Advantages and disadvantages of using genetic algorithms
There are some benefits of using genetic algorithms over other optimization methods.
- Sorting algorithms can be expressed as a tree using primitives, with each primitive representing a node. As a result, genetic algorithms may be simply utilized to explore the universe of potential trees for the best tree structure and parameter values associated with each node.
- Genetic algorithms maintain the finest subtrees and increase their chances of reproduction. Because a sub-tree is also a sorting algorithm, sorting algorithms can make use of this.
A genetic algorithm is a promising problem-solving tool, but it has a few flaws that might lead to inefficiency.
- It is tough to fine-tune the settings. It necessitates the determination of numerous parameters such as population size, mutation rate, and maximum run duration, as well as the creation of algorithms for selection, recombination, and mutation. Finding viable alternatives for these is a difficult task with little to no theoretical backing.

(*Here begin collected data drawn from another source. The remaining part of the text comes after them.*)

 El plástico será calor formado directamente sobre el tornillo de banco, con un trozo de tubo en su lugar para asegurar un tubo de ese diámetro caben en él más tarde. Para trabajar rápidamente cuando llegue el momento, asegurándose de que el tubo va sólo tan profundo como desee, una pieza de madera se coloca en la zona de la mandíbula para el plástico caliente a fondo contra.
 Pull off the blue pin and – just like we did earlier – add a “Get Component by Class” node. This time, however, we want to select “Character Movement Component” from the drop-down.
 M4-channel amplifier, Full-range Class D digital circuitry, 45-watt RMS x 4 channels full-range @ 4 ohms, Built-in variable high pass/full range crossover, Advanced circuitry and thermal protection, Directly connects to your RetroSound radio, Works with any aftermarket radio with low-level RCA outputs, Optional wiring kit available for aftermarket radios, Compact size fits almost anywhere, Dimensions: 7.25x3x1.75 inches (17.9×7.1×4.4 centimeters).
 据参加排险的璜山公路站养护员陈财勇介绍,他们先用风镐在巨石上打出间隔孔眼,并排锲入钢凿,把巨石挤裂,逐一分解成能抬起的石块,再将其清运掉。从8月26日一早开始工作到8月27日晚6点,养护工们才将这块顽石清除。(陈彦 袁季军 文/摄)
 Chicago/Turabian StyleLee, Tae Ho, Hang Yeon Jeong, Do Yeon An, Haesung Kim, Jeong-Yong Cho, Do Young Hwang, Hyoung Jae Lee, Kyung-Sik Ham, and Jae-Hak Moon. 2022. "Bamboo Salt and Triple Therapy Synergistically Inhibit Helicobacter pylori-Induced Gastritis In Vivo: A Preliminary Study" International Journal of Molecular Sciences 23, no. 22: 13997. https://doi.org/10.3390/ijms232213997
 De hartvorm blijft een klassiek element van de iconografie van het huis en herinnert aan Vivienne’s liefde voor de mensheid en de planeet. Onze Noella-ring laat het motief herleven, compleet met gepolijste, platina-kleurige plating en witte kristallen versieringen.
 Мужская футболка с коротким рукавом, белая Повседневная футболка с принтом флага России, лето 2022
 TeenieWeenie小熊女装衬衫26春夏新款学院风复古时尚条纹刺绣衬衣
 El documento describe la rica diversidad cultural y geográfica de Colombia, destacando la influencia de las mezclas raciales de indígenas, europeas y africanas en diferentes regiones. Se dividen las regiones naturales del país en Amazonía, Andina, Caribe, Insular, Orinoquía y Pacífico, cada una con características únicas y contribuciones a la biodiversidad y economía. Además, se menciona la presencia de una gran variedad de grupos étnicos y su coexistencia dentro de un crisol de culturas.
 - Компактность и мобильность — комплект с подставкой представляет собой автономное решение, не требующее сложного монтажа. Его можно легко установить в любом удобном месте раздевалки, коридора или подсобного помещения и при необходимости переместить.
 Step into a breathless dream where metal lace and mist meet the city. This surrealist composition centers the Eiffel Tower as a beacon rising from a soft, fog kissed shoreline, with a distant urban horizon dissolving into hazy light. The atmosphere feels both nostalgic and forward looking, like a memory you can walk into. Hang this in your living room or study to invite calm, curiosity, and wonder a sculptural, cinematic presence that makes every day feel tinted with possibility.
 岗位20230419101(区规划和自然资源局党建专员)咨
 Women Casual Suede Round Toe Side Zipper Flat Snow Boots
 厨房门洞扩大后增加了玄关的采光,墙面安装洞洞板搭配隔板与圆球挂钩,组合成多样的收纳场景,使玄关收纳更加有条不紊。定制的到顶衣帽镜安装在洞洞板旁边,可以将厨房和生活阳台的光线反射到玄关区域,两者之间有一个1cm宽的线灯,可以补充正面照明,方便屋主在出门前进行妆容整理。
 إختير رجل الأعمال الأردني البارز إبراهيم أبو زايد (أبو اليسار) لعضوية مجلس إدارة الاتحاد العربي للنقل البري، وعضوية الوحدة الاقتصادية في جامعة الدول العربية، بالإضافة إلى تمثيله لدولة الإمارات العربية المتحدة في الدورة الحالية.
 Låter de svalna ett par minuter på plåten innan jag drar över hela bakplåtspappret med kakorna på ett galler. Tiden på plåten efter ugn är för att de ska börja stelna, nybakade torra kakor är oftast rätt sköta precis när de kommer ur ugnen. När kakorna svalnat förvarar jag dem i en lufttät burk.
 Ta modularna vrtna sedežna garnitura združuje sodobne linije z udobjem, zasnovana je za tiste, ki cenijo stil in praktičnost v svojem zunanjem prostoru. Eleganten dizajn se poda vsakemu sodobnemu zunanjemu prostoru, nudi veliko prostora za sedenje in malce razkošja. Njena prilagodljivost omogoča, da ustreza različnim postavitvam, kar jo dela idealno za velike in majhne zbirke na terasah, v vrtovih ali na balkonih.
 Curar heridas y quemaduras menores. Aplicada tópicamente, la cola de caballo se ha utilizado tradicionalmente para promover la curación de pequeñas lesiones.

- There is no guarantee that convergence will occur. There is no guarantee that the algorithm will find a global optimum. It is possible that it will become caught in one of the local optima.
Conclusion
Choosing a suitable evolution algorithm is a critical decision. The evolution algorithm decides how many children will be produced, how many members of the current generation will be replaced, and so on. With this article, we have understood the optimization requirement in sorting and the usage of GA for optimizing sorting algorithms.